[[ SOURCE MATERIAL open ]]
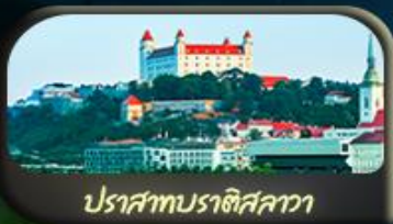
ปราสาทราชอิสลาวา

02-09 เม.ย. 69 / 03-10 เม.ย. 69 08-15 เม.ย. 69 / 10-17 เม.ย. 69 28 เม.ย. - 05 พ.ค. 69
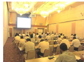
昨年の下水道維持管理研修会

■受講を希望される方は、8月16日（金）までに公社企画管理課まで連絡をお願いします。
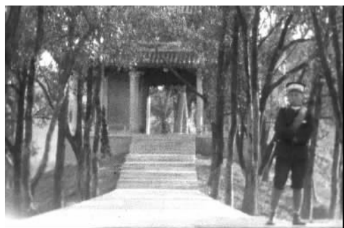
武岭头执勤的警察。
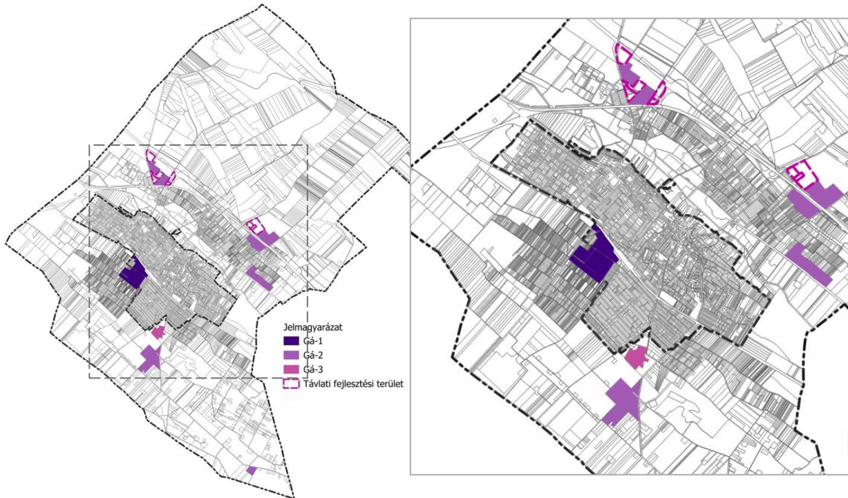
Az érintett általános gazdasági területek építési övezeteinek elhelyezkedése

A hatályos településrendezési eszközök a módosítással érintett területeket általános gazdasági területként, Gá-1, Gá-2 és Gá-3 építési övezetbe sorolják, illetve ide tartoznak még ezeken kívül a távlati fejlesztési terület, melyeken a helyi építési szabályzat építési jogot nem keletkeztet, Má-1 övezetbe sorolt ingatlanok. A távlati fejlesztési területeket a módosítás nem befolyásolja.
[[ SOURCE MATERIAL closed ]]
YOUR TASK: Please provide an exact transcription of each line from the one holding "Az érintett általános" through the final line of the data above.

OUTPUT OF THE EXERCISE:
Az érintett általános gazdasági területek építési övezeteinek elhelyezkedése

A hatályos településrendezési eszközök a módosítással érintett területeket általános gazdasági területként, Gá-1, Gá-2 és Gá-3 építési övezetbe sorolják, illetve ide tartoznak még ezeken kívül a távlati fejlesztési terület, melyeken a helyi építési szabályzat építési jogot nem keletkeztet, Má-1 övezetbe sorolt ingatlanok. A távlati fejlesztési területeket a módosítás nem befolyásolja.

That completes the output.